13 górników, w tym 12 Polaków zginęło, 10 osób zostało rannych po wybuchu metanu, do którego doszło w kopalni węgla kamiennego w miejscowości Stonawa w powiecie Karwina w Czechach. Na zmianie pracowały 23 osoby, 22 spośród nich to górnicy z Polski.

- Mogę potwierdzić, że o godzinie 17.16 doszło do katastrofy górniczej. Przyczyną było zapalenie się metanu, co spowodowało dewastację niektórych wyrobisk. Pod ziemią działania podjęli ratownicy górniczy, którzy muszą dokładnie zbadać teren, choć jest on obecnie trudno dostępny - mówił po wybuchu Ivo Czelechovsky, rzecznik spółki Kopalnie Ostrawsko-Karwińskie (OKD), cytowany przez czeskie media.

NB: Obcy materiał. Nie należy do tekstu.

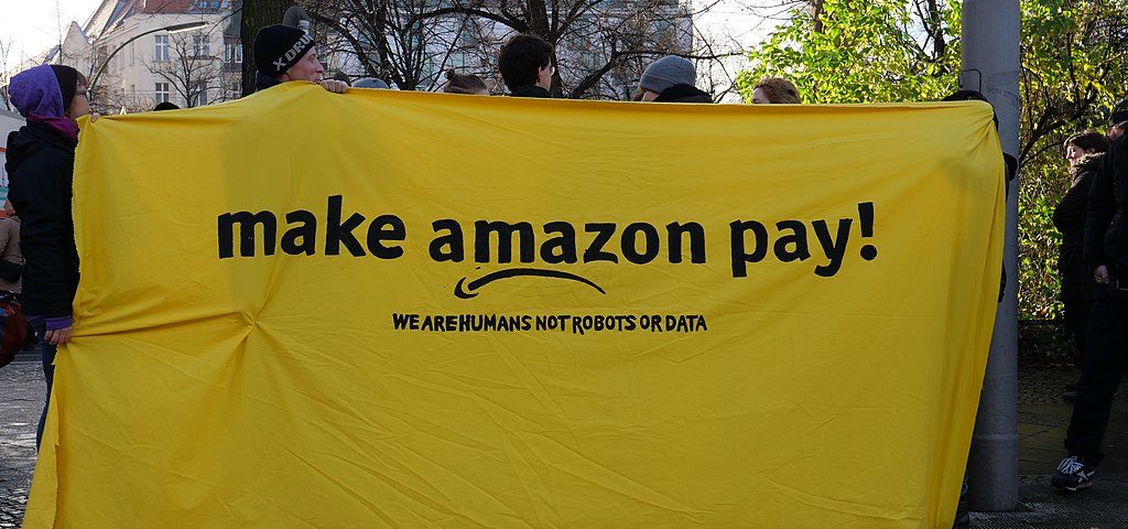 Dies erreicht er vor allem durch Abstützung der Ausbeutung seiner Arbeitnehmer, die in den USA weitgehend ohne Arbeitsschutz in seinen Warenlagern schuften, und selbst dann zur Arbeit erscheinen müssen, wenn sie krank sind. Unfälle von Arbeitnehmern werden vertuscht, und das Klima bei Amazon heute ist vergleichbar mit der Lage der Industrialisierung zu Beginn des zwanzigsten Jahrhunderts. Das Verbot, sich gewerkschaftlich zu organisieren und Betriebsräte zu wählen gehört dazu ebenfalls ins Bild, wie die trickreiche Weigerung von Amazon, Steuern zu zahlen, und von allen „A“-Sozialen Medien gleichermaßen erfolgreich betrieben.

Czelechovsky dodał dziś, że wszystkie czujniki gazu w dniu katastrofy, podczas wybuchu w kopalni w czeskiej Karwinie działały.

Nadal nie można dotrzeć do miejsca, gdzie doszło do wybuchu. W kopalni trwa pożar. Pracownicy ustawili już dwie tamy, które mają odciąć dopływ powietrza. 

Akcja ratunkowa może potrwać nawet kilka tygodni. Na miejscu pracują Polacy i Czesi.